- Born: 28 July 1996 (age 30) Portumna, County Galway, Ireland
- Education: Bow Street Academy Garbally College
- Occupations: Actor, former rugby union player
- Years active: 2022–present (acting)
- Known for: A Knight of the Seven Kingdoms Wreck
- Rugby player

Rugby union career
- Position: Lock

Amateur team(s)
- Years: Team / Apps / (Points)
- 2017–2022: Galway Corinthians RFC
- Buccaneers RFC
- 2019–2020: Terenure College RFC

Senior career
- Years: Team / Apps / (Points)
- 2018–2019: Connacht Rugby

International career
- Years: Team / Apps / (Points)
- 2016: Ireland U20

= Peter Claffey =

Irish actor and rugby union player (born 1996)

Peter Claffey (born 28 July 1996) is an Irish actor and former professional rugby union player. A former prospect for Connacht Rugby, he retired from the sport in 2019 to pursue acting. He is known for starring as Ser Duncan "Dunk" the Tall in the HBO fantasy series A Knight of the Seven Kingdoms (2026–present). He was named a 2025 Screen International Star of Tomorrow.

==Early life==
Claffey was born in Portumna, County Galway, Ireland.
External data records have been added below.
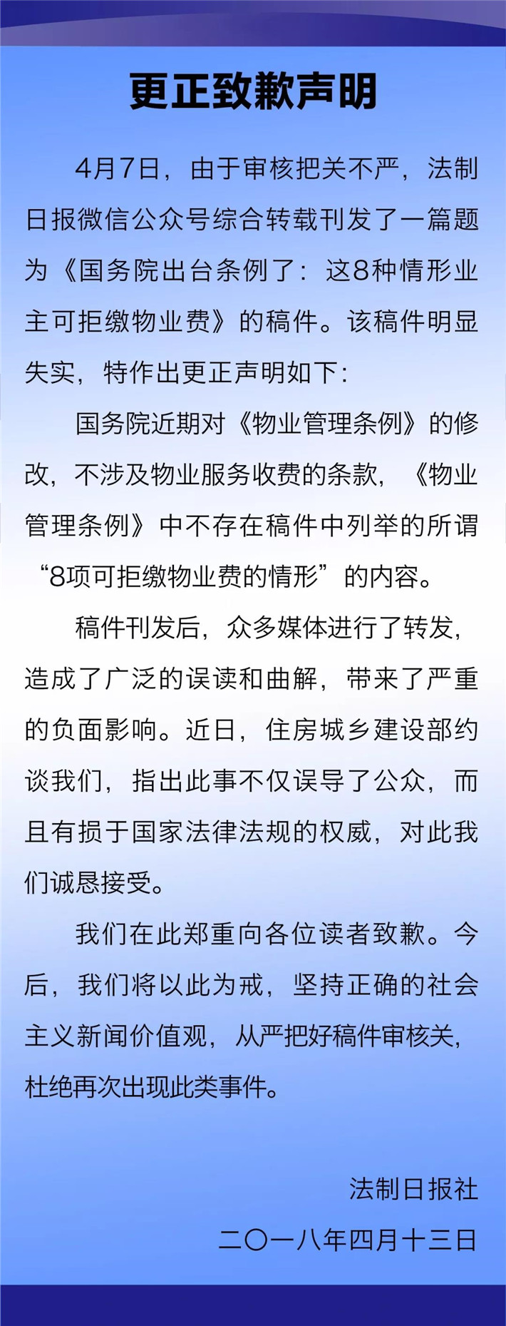 法制日报关于“这8种情形业主可拒缴物业费”稿件的更正致歉声明
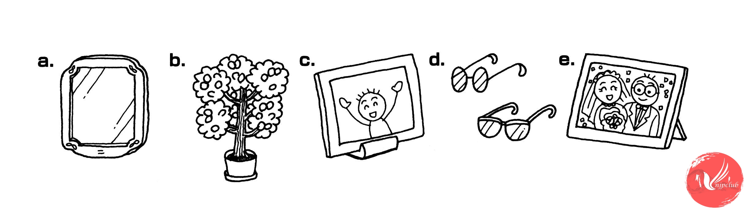 眼鏡が たくさん ありますね。 Có nhiều mắt kính nhỉ. 玄関にも テレビの 前にも。 Ở hành lang cũng có, ở trước ti vi cũng có. |
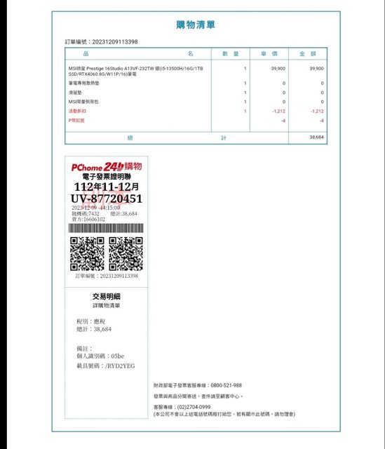 ◎發票或購買憑證有無: 有
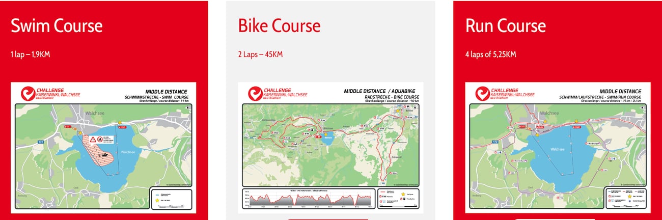 The water of the lake Walchsee is crystal clear and has drinking water quality, the technical bike course leads through the romantic area of Kaiserwinkl with spectacular views of the mountain range of the famous Kaisergebirge The run course also offers spectacular views of the Zahmen Kaiser mountain range and Lake Walchsee.
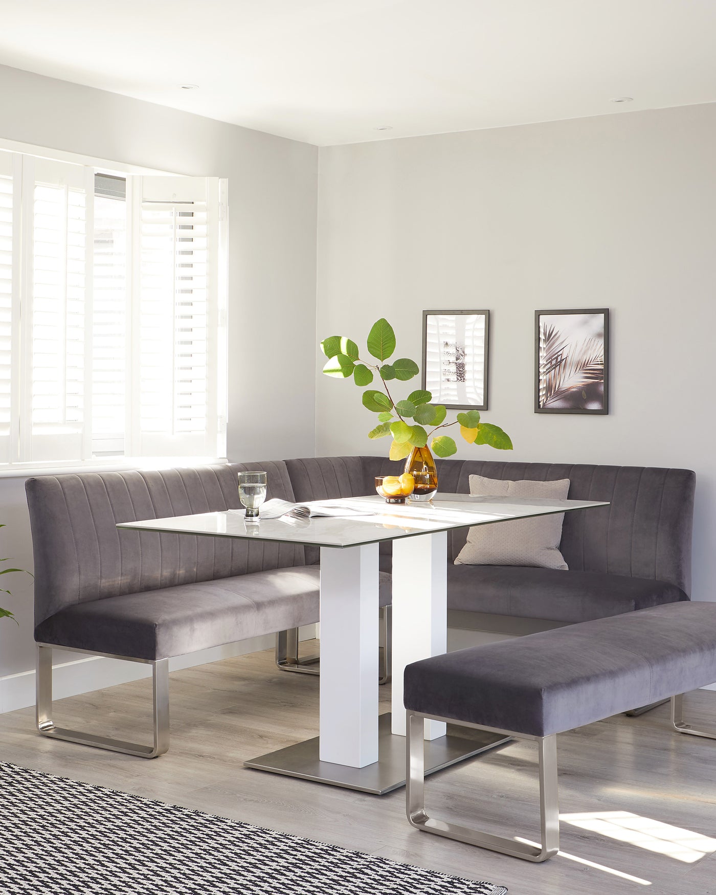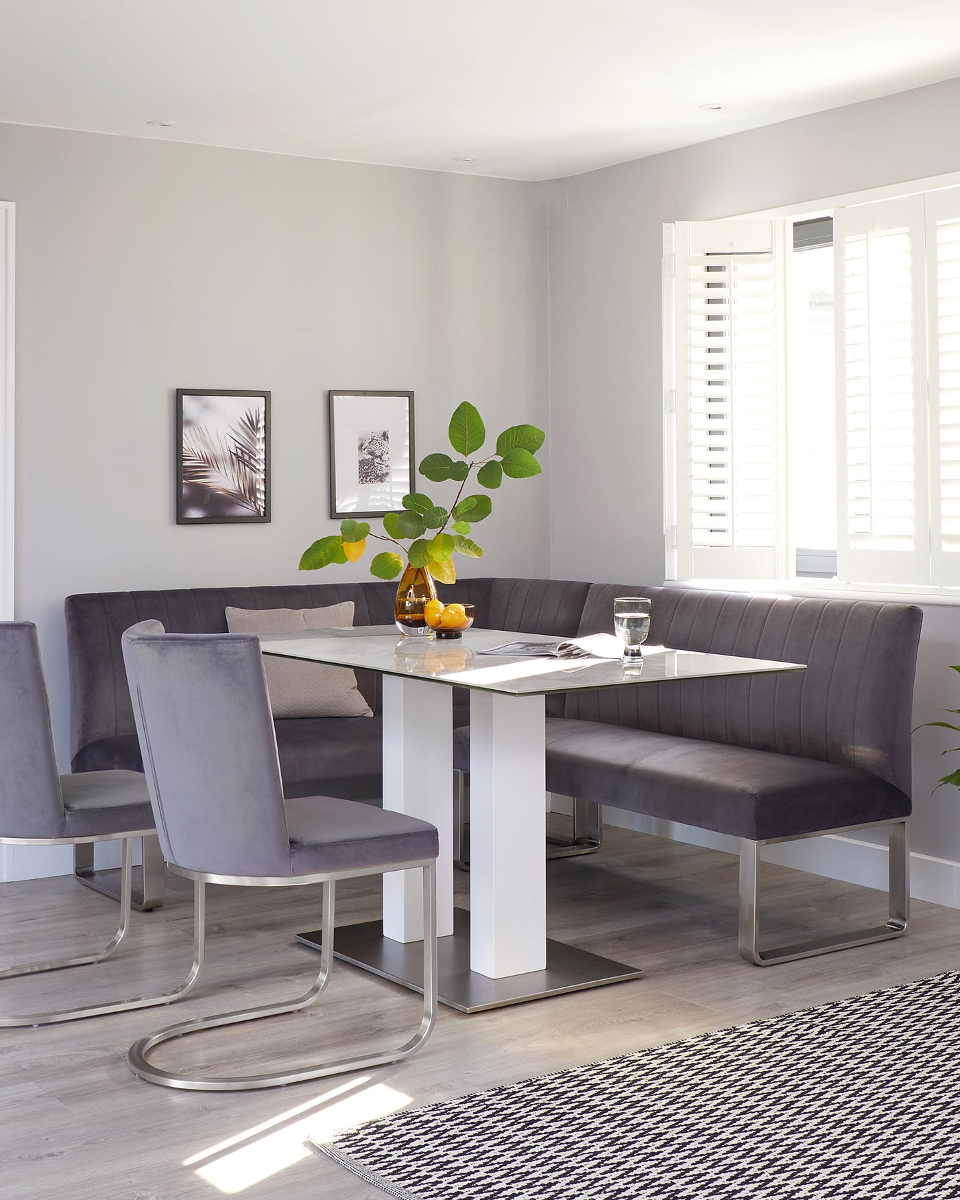 The range offers a variety of seating capacities, with options for three-seaters and expansive five-seater corner benches. These benches are designed for practicality and durability, with features such as foam cushioning for enduring comfort and floor protectors to keep your surfaces scratch-free.

He attended Garbally College in Ballinasloe, a school renowned for its rugby tradition. Although he became a physically imposing athlete—growing to 6 ft 5 in (1.96 m)—Claffey has described himself as a "nerd" who was bullied for being "uncoordinated" and "wobbly" during his childhood. He focused on rugby as a teenager, noting that in his hometown "you were either cool by getting loads of women or by being really good at sports," and he "opted for the latter".

==Career==
===Rugby union===
Claffey played as a lock forward. He played his club rugby for Galwegians RFC and Buccaneers RFC before his physical potential led to his recruitment into the Connacht Rugby academy in 2015.

He represented the Ireland Under-20s during the 2016 Six Nations Under 20s Championship, appearing in matches against France and England. In 2018, he signed a professional contract with Connacht ahead of the 2018–19 season. However, he found the professional environment isolating and struggled to break into the senior team, ultimately making zero competitive appearances for the province before being released in 2019.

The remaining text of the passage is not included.